Sophie vio una enorme maqueta del complejo expuesta justo en medio del vestíbulo: una presentación brillante que gritaba «empresa inmobiliaria».
«No nos interesa, gracias». Adrian se apresuró a descartar la oferta, alejando a Sophie con un brazo alrededor de su cintura.
«¡Espera, Adrian, espera un momento!», gritó Sophie, incapaz de apartar la vista de la detallada maqueta.
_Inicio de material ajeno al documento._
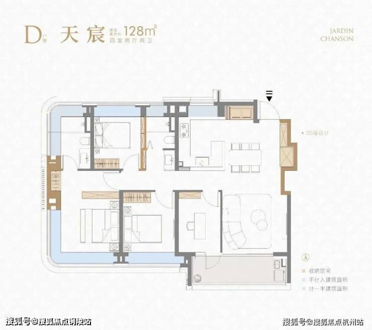 项目建面约128㎡4房同样出彩。

Estaba claramente fascinada, con la mirada saltando de los árboles en miniatura a las hileras de diminutos balcones.
Adrian la miró desconcertado. «¿Estás pensando en mudarte? ¿Desde cuándo?».
Sophie le dio un suave tirón de la mano. «Echemos solo un vistazo, ¿vale?».
Cuando se dio cuenta de su interés, la sonrisa del agente de ventas se amplió, volviéndose genuinamente entusiasta. «¡Tiene buen ojo! Las viviendas de tres dormitorios orientadas al sur tienen una gran demanda en este momento ; solo quedan unos pocos apartamentos en las plantas superiores».
Adrian le lanzó una mirada escéptica al agente inmobiliario, reconociendo el pulido discurso de venta por lo que era. Sophie, sin embargo, estaba claramente cautivada.
Se inclinó hacia los edificios en miniatura, escuchando con atención mientras el agente enumeraba características y comodidades. De vez en cuando, le apretaba la mano a Adrian y le susurraba: «¿Qué te parece? »
Antes de que él pudiera responder, ella continuó: «Sinceramente, cumple todos los requisitos. La ubicación es tan práctica como donde vivimos ahora. Además, hay una entrada al metro y una parada de autobús justo al lado».
Adrian no dio su opinión de inmediato. En cambio, le devolvió la pregunta. «¿Ya no estás contenta con nuestro piso? »
Sophie dudó, con voz suave. «No, me gusta ese sitio. Todo es estupendo: el alquiler, la ubicación, cómo se gestiona el edificio, el lugar en sí. Es solo que…»
Miró fijamente a Adrián a los ojos, con voz clara y segura. «En realidad no es nuestro».
La idea se le ocurrió a Sophie de forma inesperada, pero cuanto más lo pensaba, más acertada le parecía.
En el fondo, siempre había soñado con tener su propio hogar. Visitar la casa de su infancia había despertado ese viejo anhelo de un lugar que pudiera llamar verdaderamente suyo.
Si fuera dueña de una casa, Sophie podría diseñar cada detalle, eligiendo los muebles y los colores que le parecieran adecuados. No tendría que preocuparse más por hacer las maletas ante una mudanza repentina. No habría más noches en vela temiendo que el casero rescindiera el contrato de alquiler de improviso.
Alquilar siempre le hacía sentir como si estuviera viviendo la vida de otra persona. Lo que Sophie quería no era solo una casa, sino un espacio donde ella y Adrian pudieran echar raíces: un verdadero hogar.
Apretó la mano de Adrian, con voz suave pero firme. «Por fin sería nuestro. Solo para nosotros».